● **Problem requirements**
Give back all of the data exactly as it stands, with the pictures removed.

● **Given data**
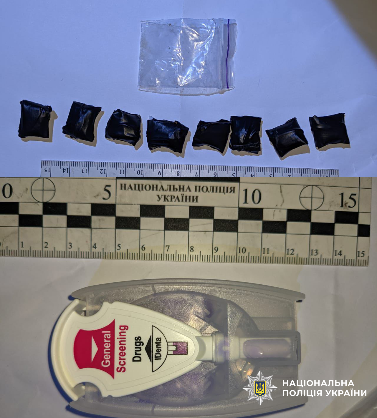 Поліцейські виявили та вилучила у зловмисниці, а також зі зроблених нею схованок, 10 згортків з особливо небезпечними психотропними речовинами.
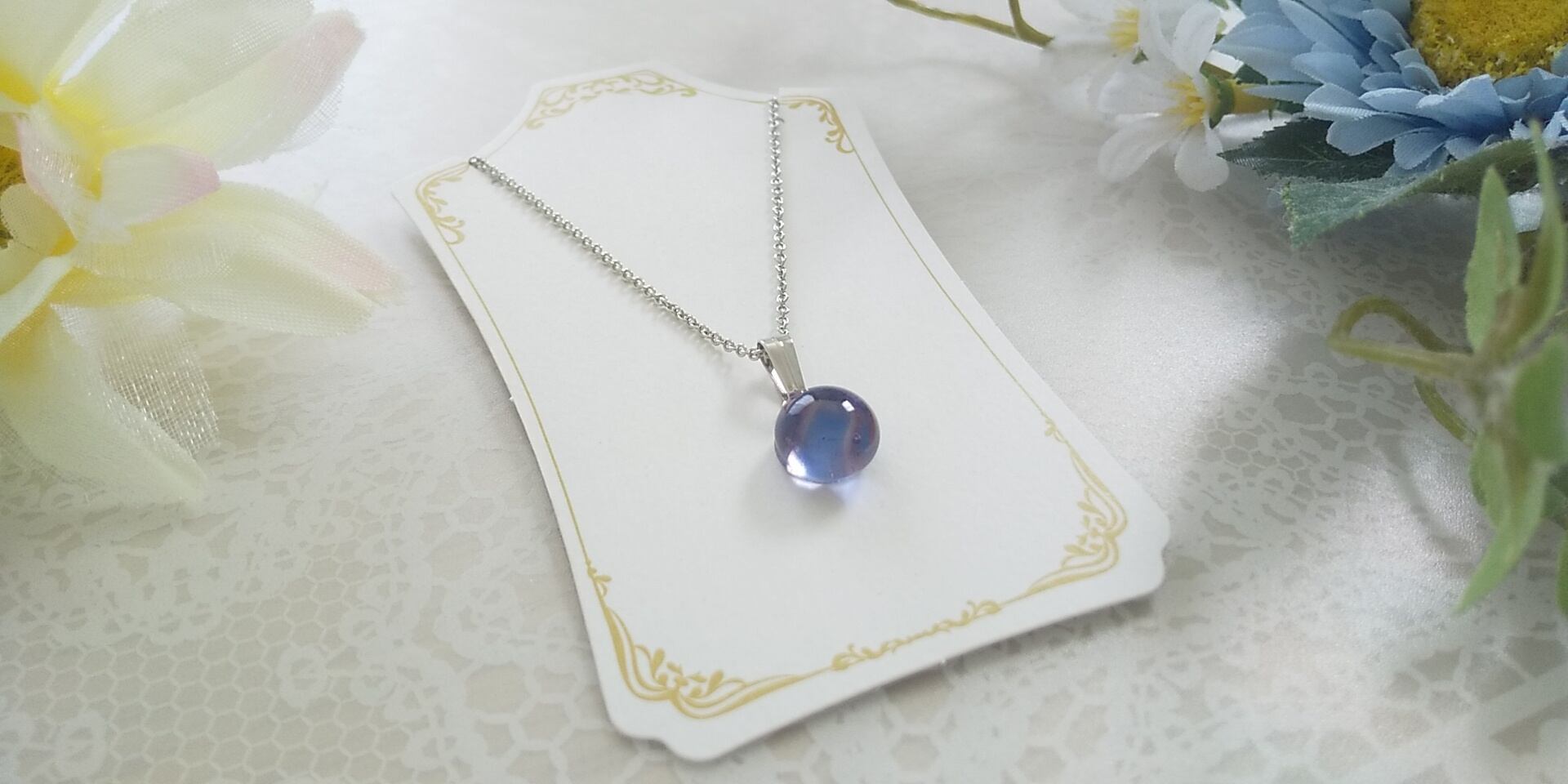 ワンポイントが可愛いミルフィオリ一粒ネックレスになります。
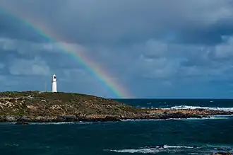 Corny Point is a headland located on the west coast of the Yorke Peninsula in South Australia about 37 kilometres (23 miles) north west of the town of Warooka. The point is described as being "a sloping rocky double projection..." where the "coast on the N[orth] side is low and sandy whereas the coast on the S[outh] side is higher than the point itself."[2] It is the south headland of Hardwicke Bay. It was named by Matthew Flinders on 18 March 1802. The waters adjoining its shoreline are within the Southern Spencer Gulf Marine Park. Since 1882, it has been the site of a navigation aid in the form of a lighthouse.[1][3][4][5][6][7]

● **Result of the exercise**
 Поліцейські виявили та вилучила у зловмисниці, а також зі зроблених нею схованок, 10 згортків з особливо небезпечними психотропними речовинами.
 ワンポイントが可愛いミルフィオリ一粒ネックレスになります。
 Corny Point is a headland located on the west coast of the Yorke Peninsula in South Australia about 37 kilometres (23 miles) north west of the town of Warooka. The point is described as being "a sloping rocky double projection..." where the "coast on the N[orth] side is low and sandy whereas the coast on the S[outh] side is higher than the point itself."[2] It is the south headland of Hardwicke Bay. It was named by Matthew Flinders on 18 March 1802. The waters adjoining its shoreline are within the Southern Spencer Gulf Marine Park. Since 1882, it has been the site of a navigation aid in the form of a lighthouse.[1][3][4][5][6][7]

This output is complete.